Substructure Search From Scratch in Java Part 1 - The Atom Mapping Problem

One of the most important capabilities in cheminformatics is mapping the atoms of a query structure onto the atoms of a target structure. Although useful in itself, the main value of atom mapping comes from the software that gets built on top of it: exact structure comparators, substructure search systems, and query atom/bond search systems such as SMARTS. The fundamental nature of atom mapping means that correctness, efficiency and adaptability are essential features of a good mapping implementation. Recently, a D-F article made the case that atom mapping software written in Java needs to be Java-centric to achieve these goals. This article, the first in a series that describes a complete substructure search system written in Java, takes the first step by offering some simple interface definitions and code for the atom mapping problem.

The Problem

Given a query molecule (query) and a target molecule (target), our atom mapping software needs to find ways to match the atoms of query onto target such that the mapping describes a substructure embedded in target. The software might stop at one mapping, continue on to find all of them, or stop at some point in the middle. It all depends on the specific cheminformatics problem we're trying to solve.

The Recursive Function

Our implementation will gradually build up an atom mapping by traversing the atoms of query in depth-first order and trying to map each found atom onto an atom in target. At each step in the process, we will have a partial atom map that maps some of the atoms in query onto target. That map, and any other information needed to complete the analysis will be kept in an instance of a class implementing the State interface.

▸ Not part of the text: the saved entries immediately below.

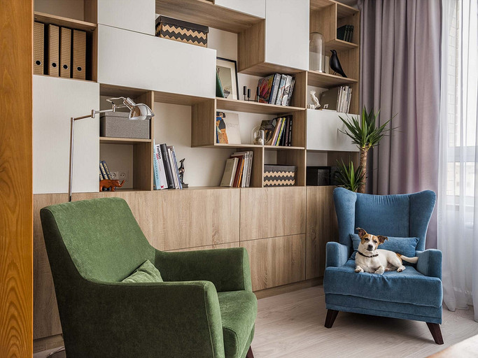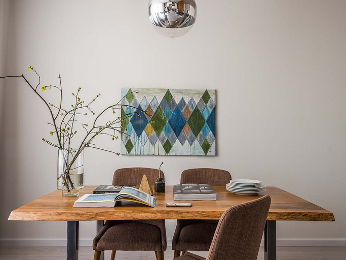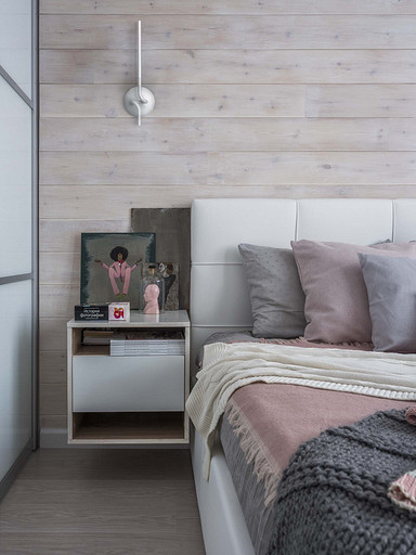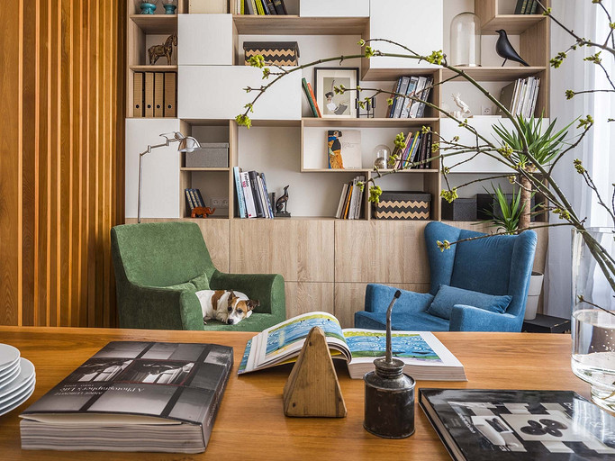 Небольшая квартира в скандинавском стиле: светлые стены, деревянная отделка и яркая мебель
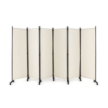 6 Panel 5.7 Feet Tall Rolling Room Divider on Wheels-White
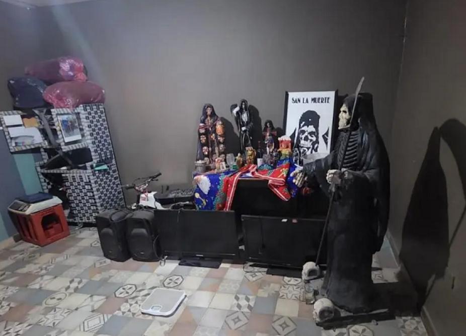 Los investigadores se sorprendieron al ingresar a unas de las viviendas, donde residía uno de los principales investigados, ya que en el interior de la misma encontraron un santuario dedicado a “San la Muerte” (montado sobre una mesa cubierta por un mantel navideño), encontrándose varios altares, estantes, cuadros, velas, también se aprecia una imponente imagen de yeso del mismo.

A State will be manipulated by a recursive method, mapFirst that returns when the first atom map is found:

// create a list to hold atom maps
List<Map<Atom, Atom>> maps = new ArrayList<Map<Atom, Atom>>();

// create initial state
State state = ...; 

boolean mapFirst(State state)
{
  if (state.isDead())
  {
    return false;
  }

  if (state.isGoal())
  {
    maps.add(state.getMap());

    return true;
  }

  boolean found = false;

  while (!found && state.hasNextCandidate())
  {
    Match candidate = state.nextCandidate();

    if (state.isMatchFeasible(candidate))
    {
      State nextState = state.nextState(candidate);
      found = mapFirst(nextState);

      nextState.backTrack();
    }
  }

  return found;
}

Comparison of the mapFirst method to the pseudocode VF algorithm Match procedure given in the previous article shows some similarities. In fact, something similar to the mapFirst method forms the basis of many atom mappers in use today.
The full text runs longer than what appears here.